Technical preparation
Master deep learning frameworks (PyTorch, TensorFlow).,Practice ML algorithm implementation and optimization.,Prepare for system design and coding challenges.,Review Qualcomm AI 100 architecture details.
Behavioral questions
Describe leading a complex ML project.,How do you handle cross-functional team challenges?,Share an example of innovative problem-solving.,How do you stay updated with ML advancements?
Frequently asked questions
- What specific LLMs or Deep Learning frameworks are prioritized for the Cloud Machine Learning LLM Serving Staff Engineer role at Qualcomm?
- The role specifically mentions working with vLLM, Triton, ExecuTorch, Inductor, and TorchDynamo. Experience with PyTorch and TensorFlow is also highly desirable, indicating a focus on these widely used frameworks for LLM and deep learning development.
- What level of experience is expected for a Staff Engineer at Qualcomm in this role?
- The job description requires 8+ years of Software Engineering experience, or a Master's degree with 3+ years, or a PhD with 2+ years. A Staff Engineer typically implies a senior individual contributor role with significant technical leadership and deep expertise.
- Does Qualcomm India Private Limited offer opportunities for remote work for this Staff Engineer position?
- The job description lists 'Engineering Group, Engineering Group > Software Engineering' and does not explicitly mention remote work. Given the emphasis on hardware and SOC development, it is likely an on-site or hybrid role, primarily based in Qualcomm's India facilities.
- What is the typical interview process for a Staff Engineer at Qualcomm?
- The interview process at Qualcomm typically involves multiple rounds.
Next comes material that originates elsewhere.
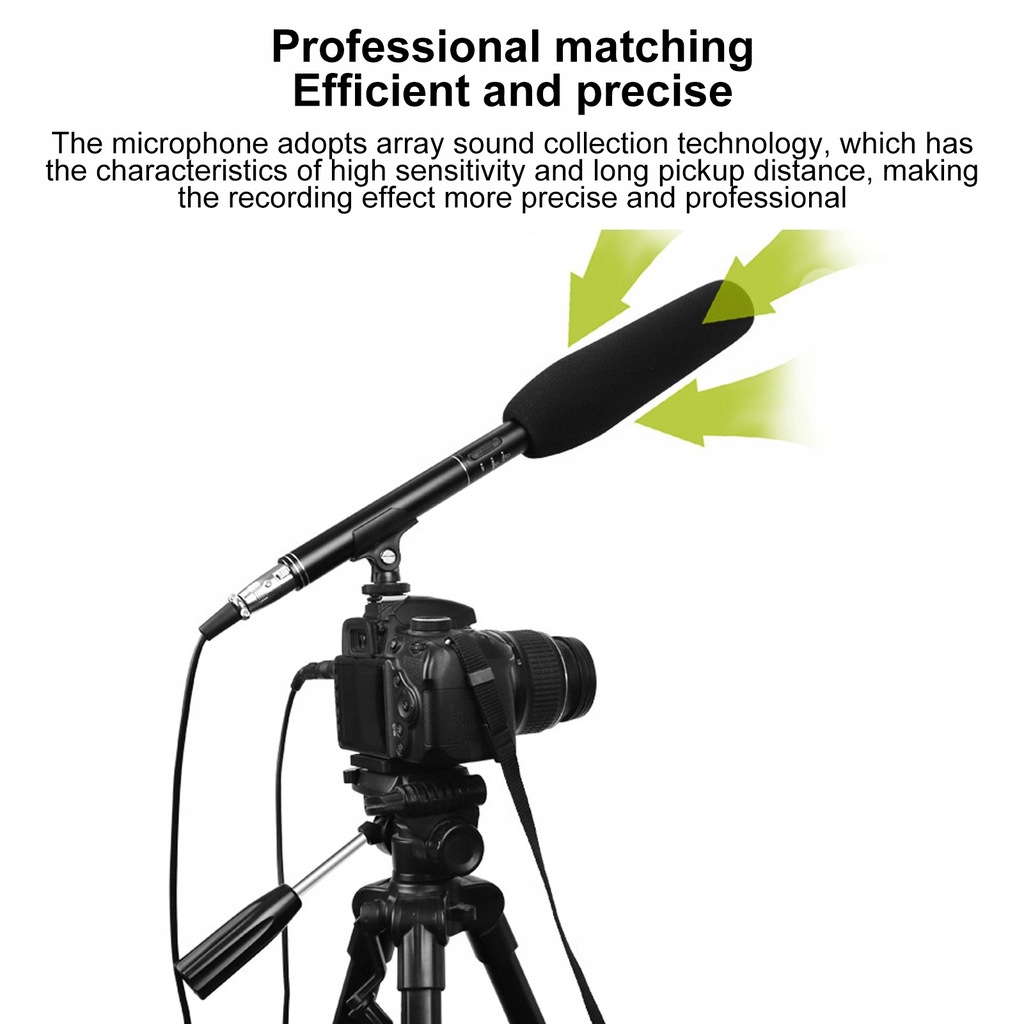 4. Wysoka czułość: Mikrofon pojemnościowy typu shotgun XLR wykorzystuje hartowaną głowicę dźwiękową, która zapewnia doskonały odbiór. Ma duży zakres dynamiki i szerokie pasmo przenoszenia, czysty i jasny odbiór dźwięku.

Expect technical screening calls, followed by in-depth interviews focusing on system design, algorithms, data structures, and your specific experience in Machine Learning, LLMs, and software optimization. Behavioral questions assessing leadership and collaboration skills are also common.
- How does Qualcomm India foster innovation and a research mindset among its engineers for roles like the LLM Serving Staff Engineer?
- Qualcomm encourages a research mindset by involving engineers in the entire product lifecycle, from early design to deployment. The role involves building framework extensions, optimizing models, and working with cutting-edge technologies, providing ample opportunities for innovation and contribution to open-source projects.